● **Action item**
Beginning with the line that holds "学校校友工作办公室主任张元、" and finishing with the line that holds "Death | 2.76 |", repeat the listing exactly, leaving every picture out.

● **Record set**
━━━━

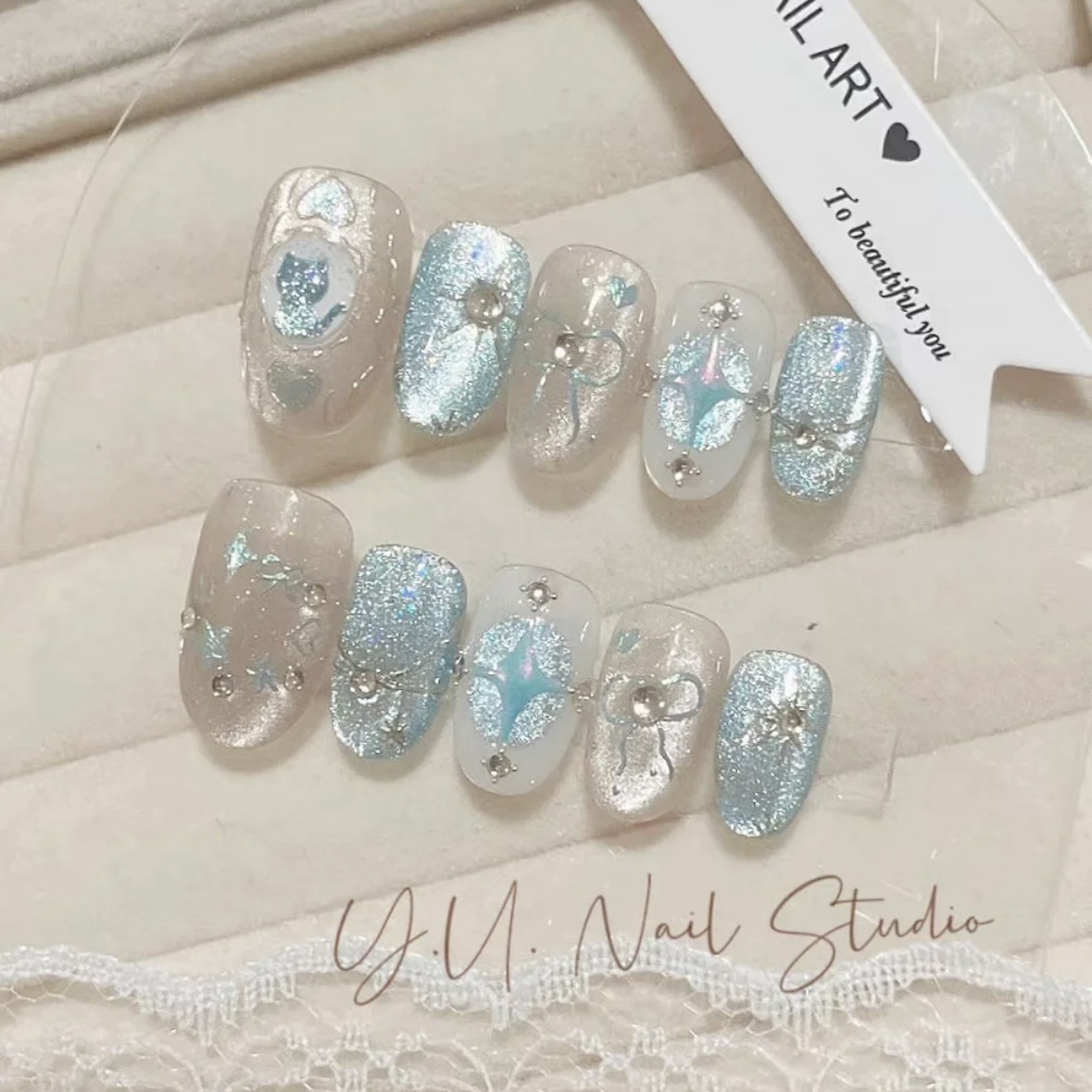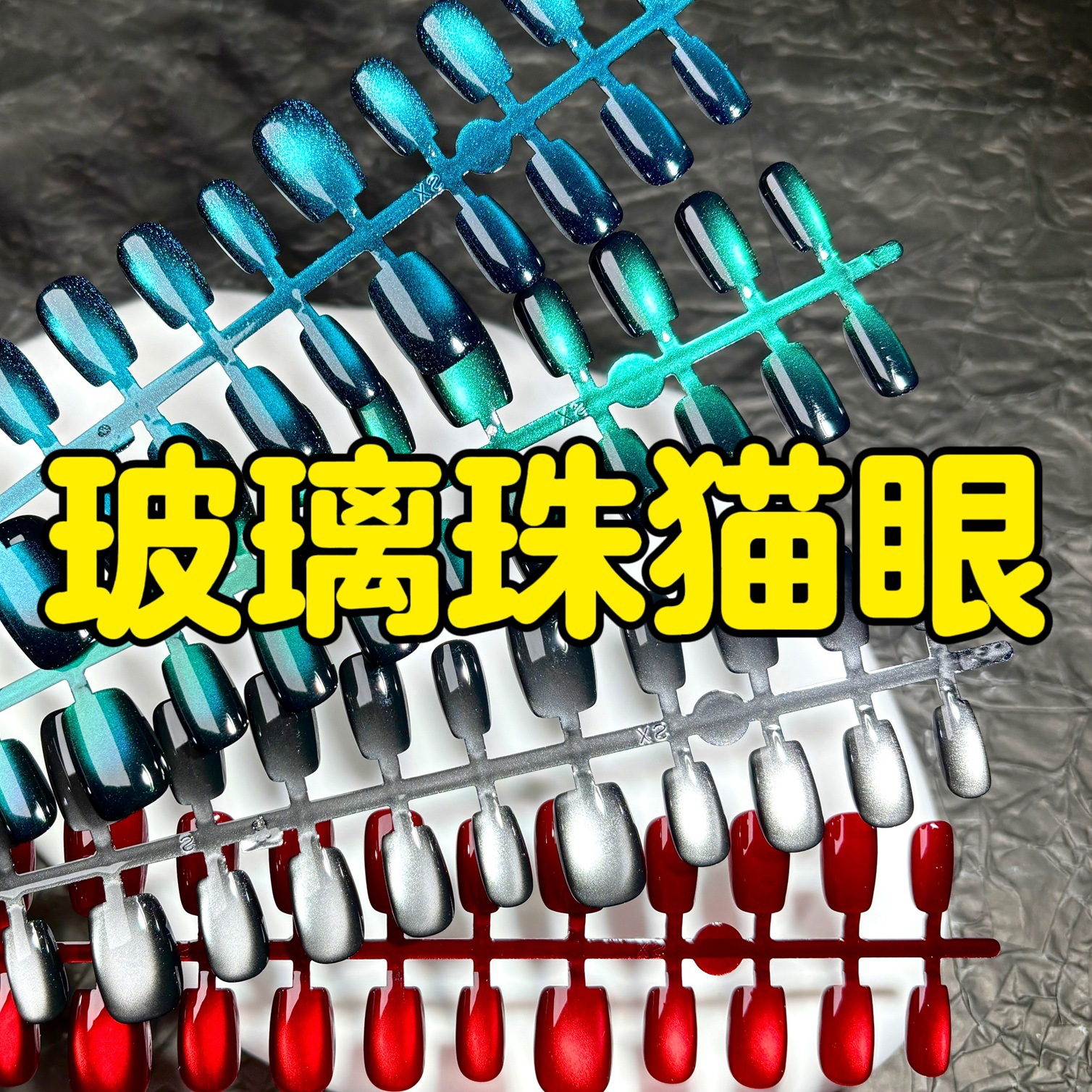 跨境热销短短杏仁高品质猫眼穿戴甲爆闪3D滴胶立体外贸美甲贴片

━━━━

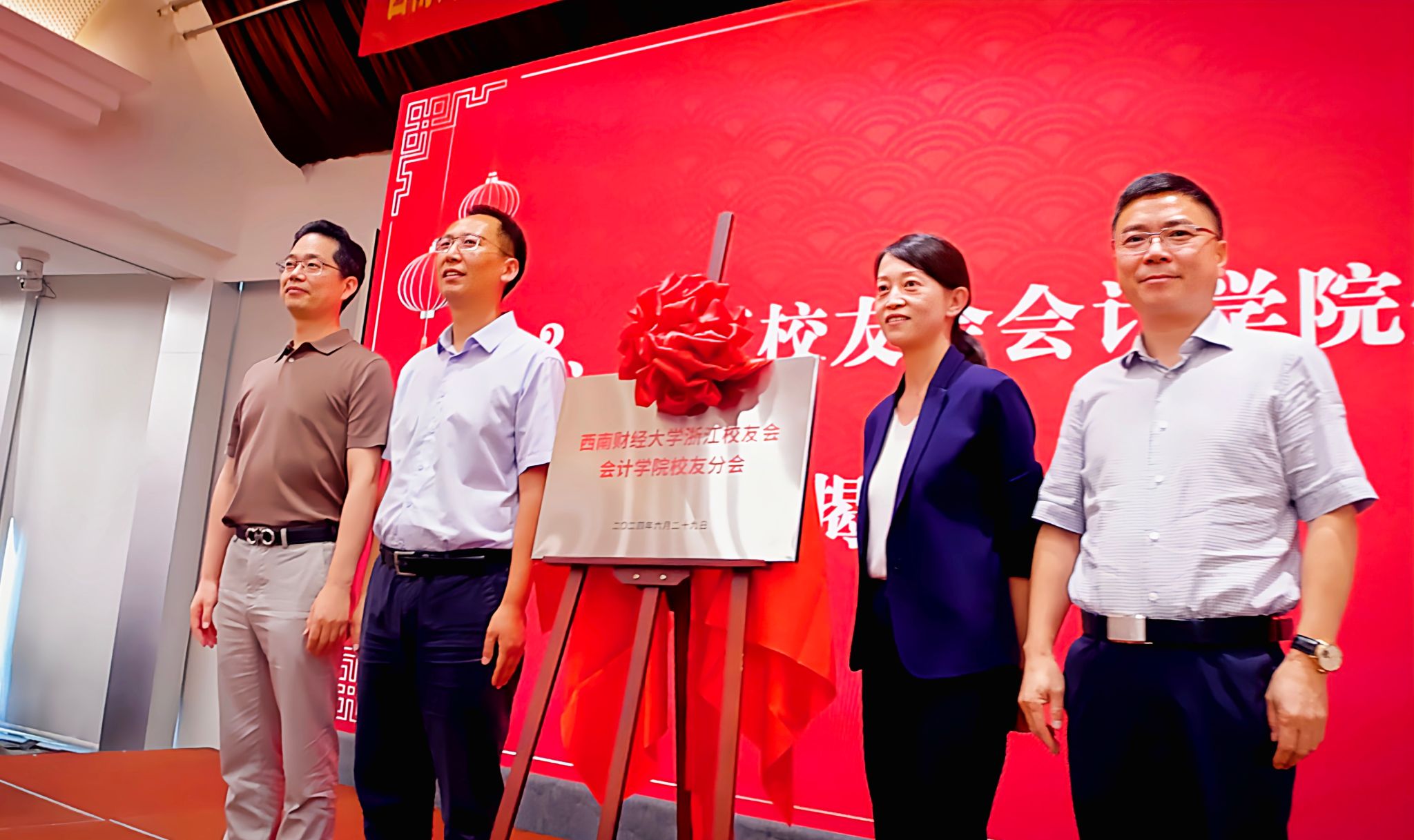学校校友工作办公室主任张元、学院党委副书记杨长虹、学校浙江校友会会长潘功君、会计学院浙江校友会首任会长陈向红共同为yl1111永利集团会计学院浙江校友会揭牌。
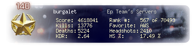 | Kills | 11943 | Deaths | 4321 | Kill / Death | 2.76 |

━━━━

● **Response for this exercise**
学校校友工作办公室主任张元、学院党委副书记杨长虹、学校浙江校友会会长潘功君、会计学院浙江校友会首任会长陈向红共同为yl1111永利集团会计学院浙江校友会揭牌。
 | Kills | 11943 | Deaths | 4321 | Kill / Death | 2.76 |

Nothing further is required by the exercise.